2. **host_is_superhost** - We have observed that listings created by superhosts are more expensive, so we account for this.
3. **instant_bookable** - We have observed that listings that are instant-bookable are priced differently, so we account for this.

After that, we use the linear equation derived below to make a prediction on price.


In [12]:
tbl = {
    'room_type': make_array(),
    'host_is_superhost': make_array(),
    'instant_bookable': make_array(),
    'regression_equation': make_array()
}

for room_type in ('Entire home/apt', 'Private room'):
    for host_is_superhost in ('t','f'):
        for instant_bookable in ('t', 'f'):
            t = master_table
            t = t.where('room_type', are.equal_to(room_type))
            t = t.where('host_is_superhost', are.equal_to(host_is_superhost))
            t = t.where('instant_bookable', are.equal_to(instant_bookable))
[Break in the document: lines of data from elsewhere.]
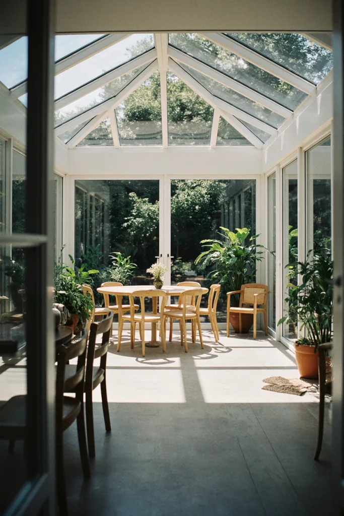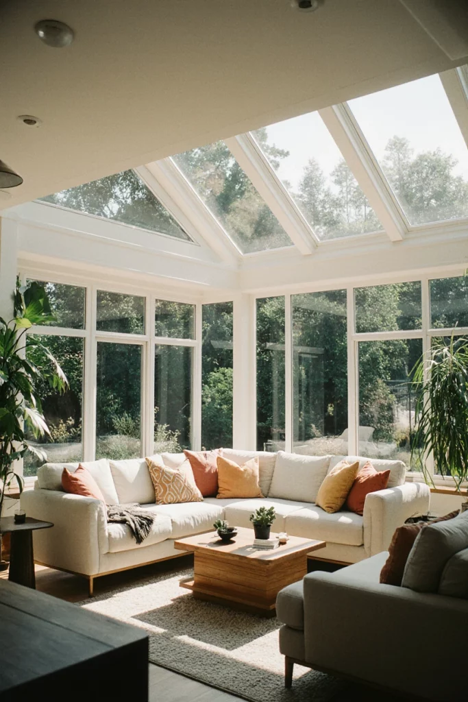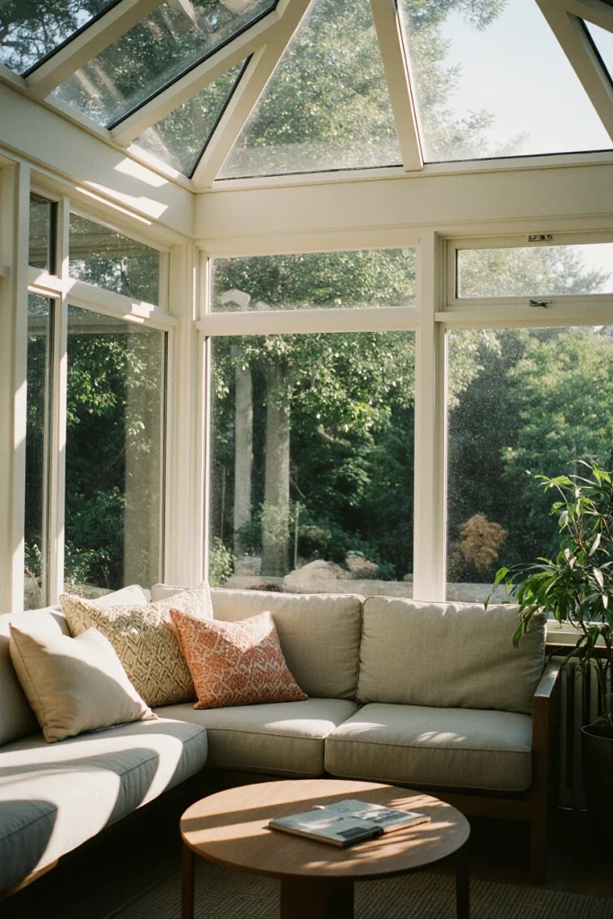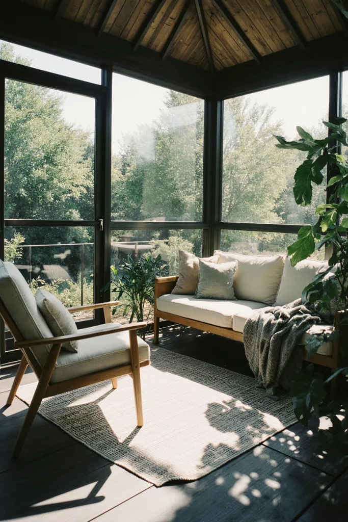 A modern sunroom with clean lines and large windows transforms the interior into an airy, light-filled zone perfect for work or rest. It’s a favorite among young professionals who need a peaceful indoor retreat that still feels connected to the outdoor surroundings. Adding plants and minimal furniture enhances clarity and reduces visual stress. Many homeowners say it becomes the room where they feel most grounded, especially during busy weeks.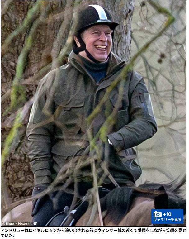 「アンドリューはロイヤルロッジから追い出される前にウィンザー城の近くで乗馬をしながら笑顔を見せていた」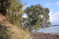 本物の鳥居は、なんと内海湾の海の中にあります。いつもは海の中にあるので、この「小島神社」には渡れません。月に2回の大潮のときにだけ、この鳥居がはっきりと現われます。太陽と月の引力によって起こる海の潮の干満。その干潮のときに海が割れて神秘の参道が現れます。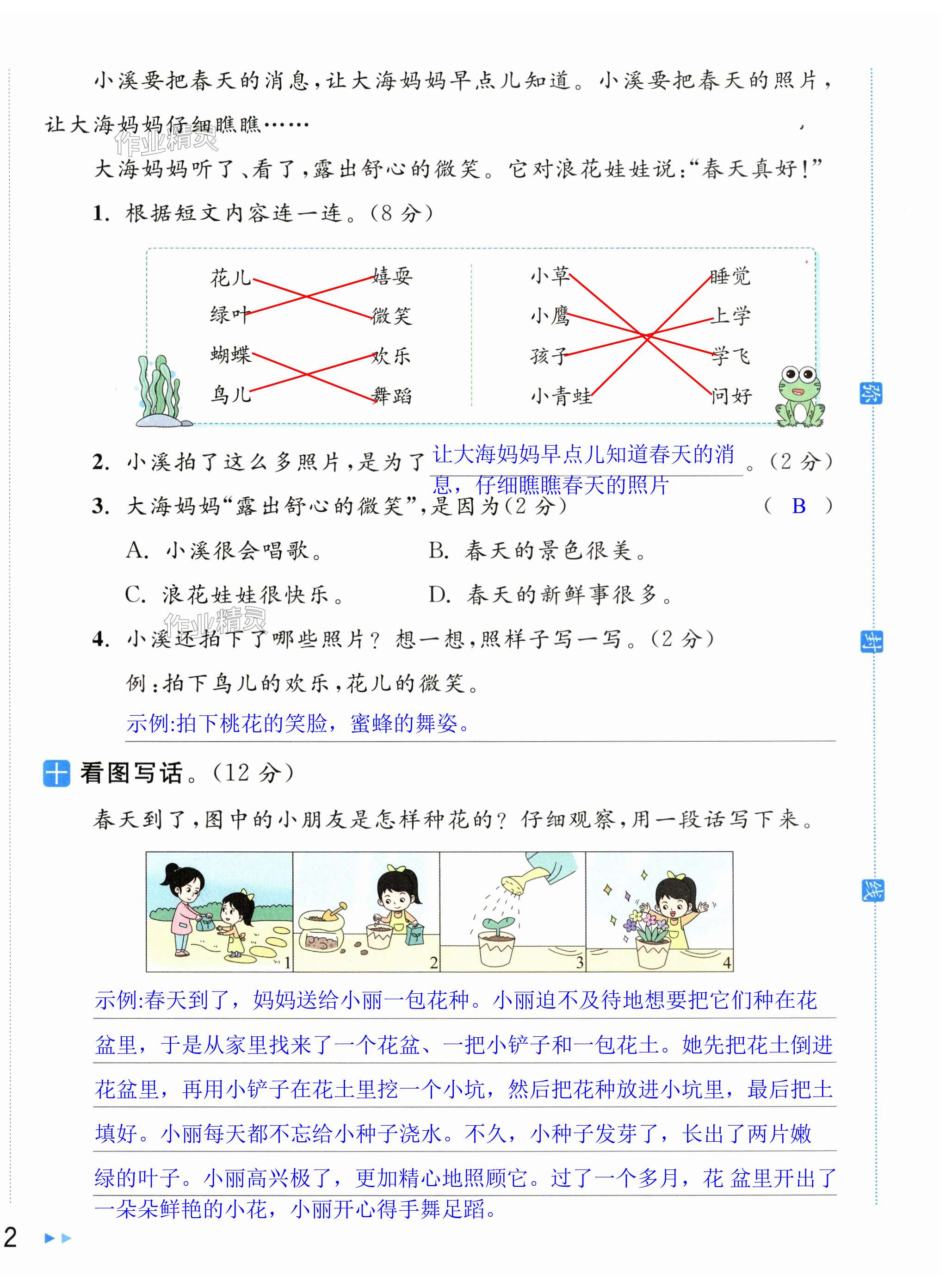 注:目前有些书本章节名称可能整理的还不是很完善,但都是按照顺序排列的,请同学们按照顺序仔细查找。练习册 2024年亮点给力大试卷二年级语文下册人教版 答案主要是用来给同学们做完题方便对答案用的,请勿直接抄袭。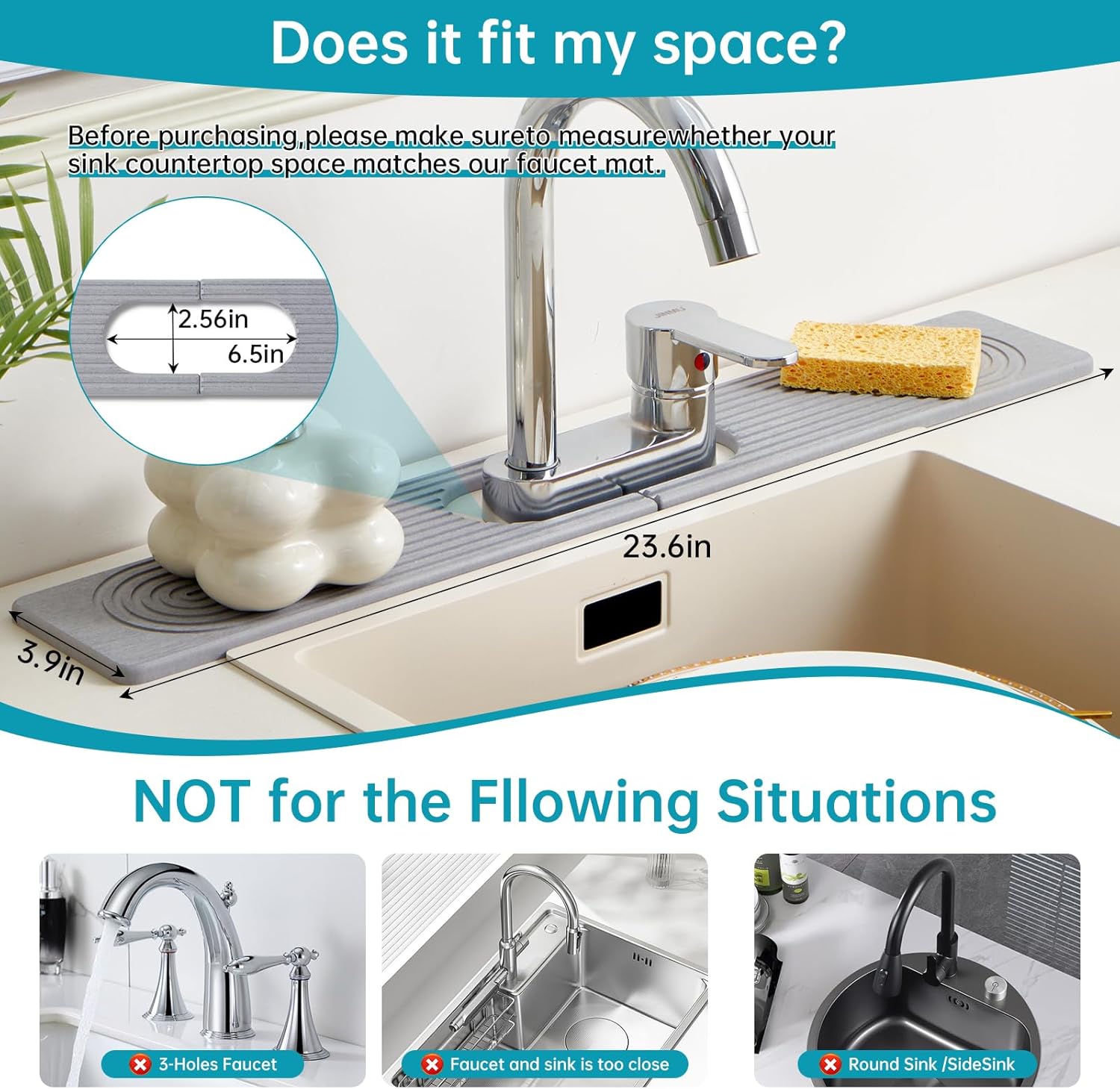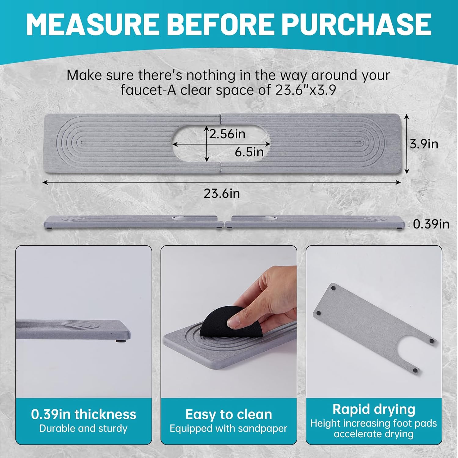- Please Measure Before Purchasing – This mat measures 23.6" × 3.9" × 0.35" with an oval hole about 6.5" × 2.5". Make sure it fits your faucet base and does not cover any sink buttons or soap dispensers. If your faucet area is smaller than these dimensions, this mat may not be suitable.

            x = t.column('accommodates')
            y = t.column('price')
            
            if not len(x) or not len(y):
                continue
            
            regress = scipy.stats.linregress(t.column('accommodates'), t.column('price'))
            
            tbl['room_type'] = np.append(tbl['room_type'], room_type)
            tbl['host_is_superhost'] = np.append(tbl['host_is_superhost'], host_is_superhost == 't')
            tbl['instant_bookable'] = np.append(tbl['instant_bookable'], instant_bookable == 't')
            
            tbl['regression_equation'] = np.append(
                tbl['regression_equation'], 
                'price = %s + accommodates*%s' % (regress.intercept, regress.slope)
            )            

Table().from_columns_dict(tbl).show()


room_type,host_is_superhost,instant_bookable,regression_equation
Entire home/apt,1,1,price = 42.34794997015288 + accommodates*49.378510055020236
Entire home/apt,1,0,price = 50.84103193032834 + accommodates*54.527852808396425
Entire home/apt,0,1,price = 39.32966995091488 + accommodates*51.78412401205366
Entire home/apt,0,0,price = 56.8652894621267 + accommodates*47.75055717856309
Private room,1,1,price = 76.53716828849912 + accommodates*22.598517739870694
Private room,1,0,price = 74.72579122931842 + accommodates*27.751240437644643
Private room,0,1,price = 50.87593084499174 + accommodates*33.147417628336335
Private room,0,0,price = 45.24371181491894 + accommodates*33.28811768314309


# Conclusion
Predicting prices for Airbnb listings is a challenge, and our results are far from accurate. We believe that better results may be possible using multiple polynomial regression.

That said, we did draw the following conclusions from the data:
* Airbnb listings marked as "superhost" are more expensive.
* There exists a relationship between the number of people that a listing can accomodate and the listing's price.